INFORMATION SHOWN

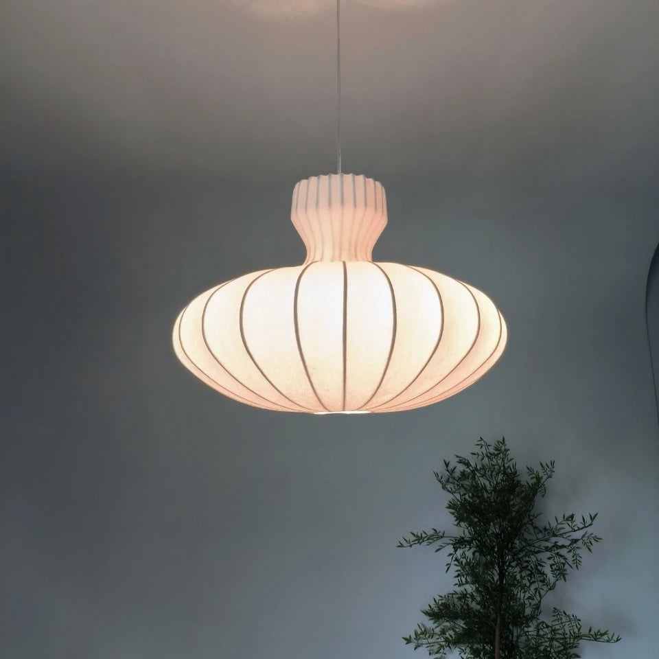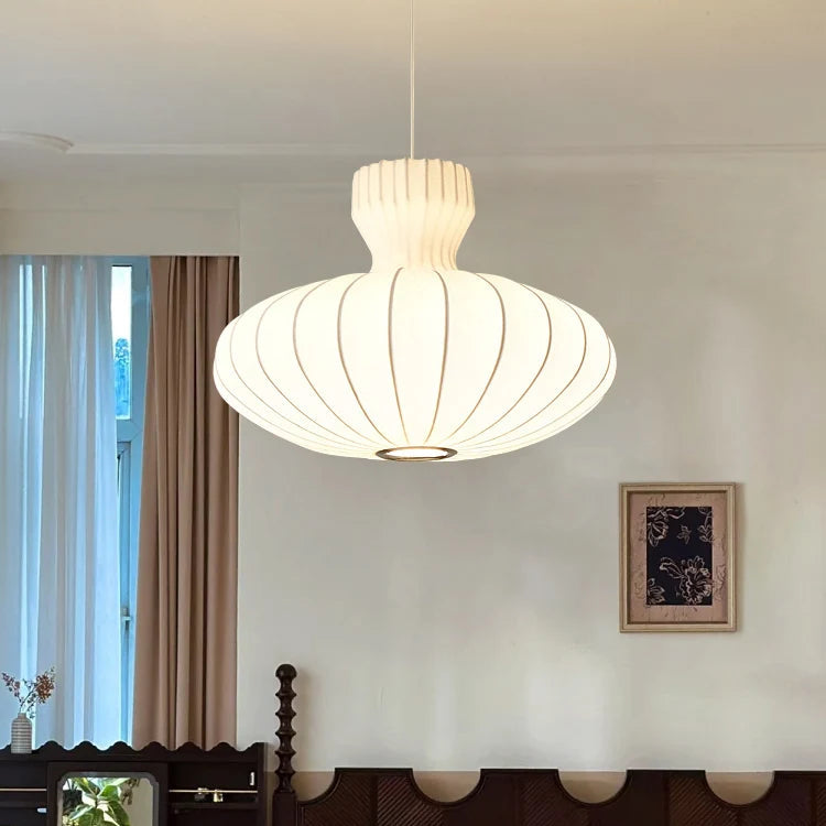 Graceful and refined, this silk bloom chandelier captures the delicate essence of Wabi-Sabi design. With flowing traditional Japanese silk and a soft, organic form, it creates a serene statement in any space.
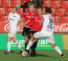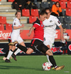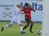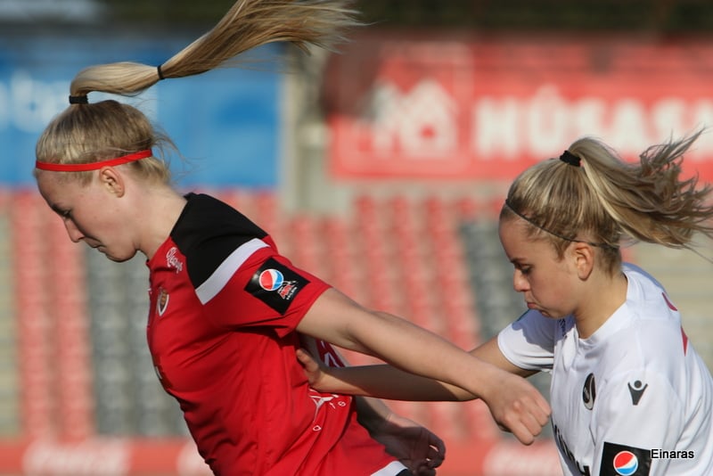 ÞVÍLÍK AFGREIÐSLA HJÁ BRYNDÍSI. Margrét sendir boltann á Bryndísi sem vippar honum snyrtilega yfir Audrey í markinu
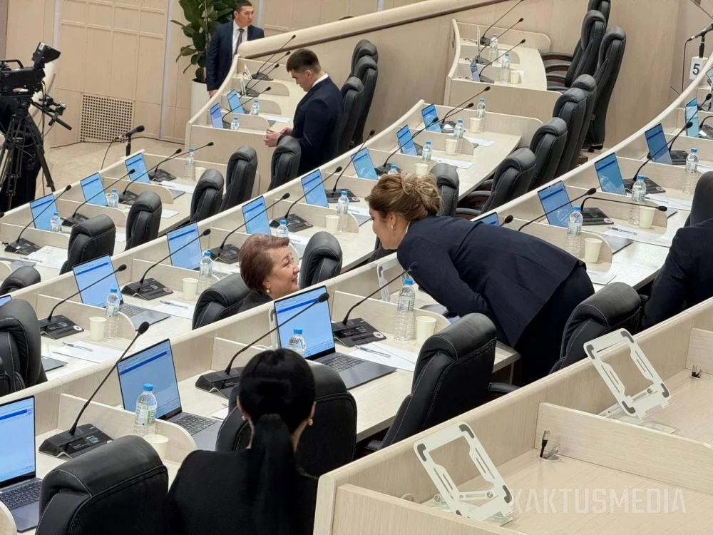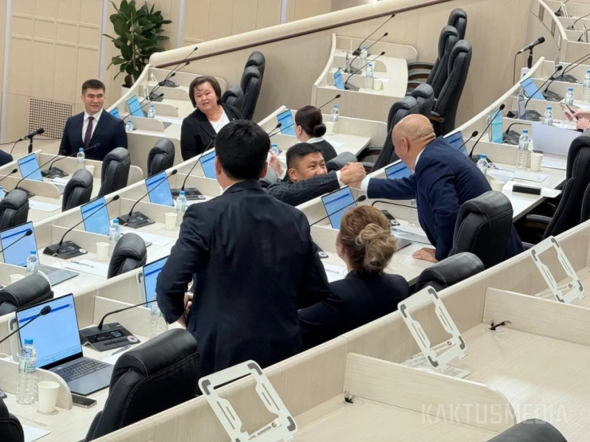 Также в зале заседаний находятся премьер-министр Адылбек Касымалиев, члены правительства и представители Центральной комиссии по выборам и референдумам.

EXERCISE
Please print the data above once more, exactly and without images.

ANSWER TO THIS PROBLEM
 Graceful and refined, this silk bloom chandelier captures the delicate essence of Wabi-Sabi design. With flowing traditional Japanese silk and a soft, organic form, it creates a serene statement in any space.
 ÞVÍLÍK AFGREIÐSLA HJÁ BRYNDÍSI. Margrét sendir boltann á Bryndísi sem vippar honum snyrtilega yfir Audrey í markinu
 Также в зале заседаний находятся премьер-министр Адылбек Касымалиев, члены правительства и представители Центральной комиссии по выборам и референдумам.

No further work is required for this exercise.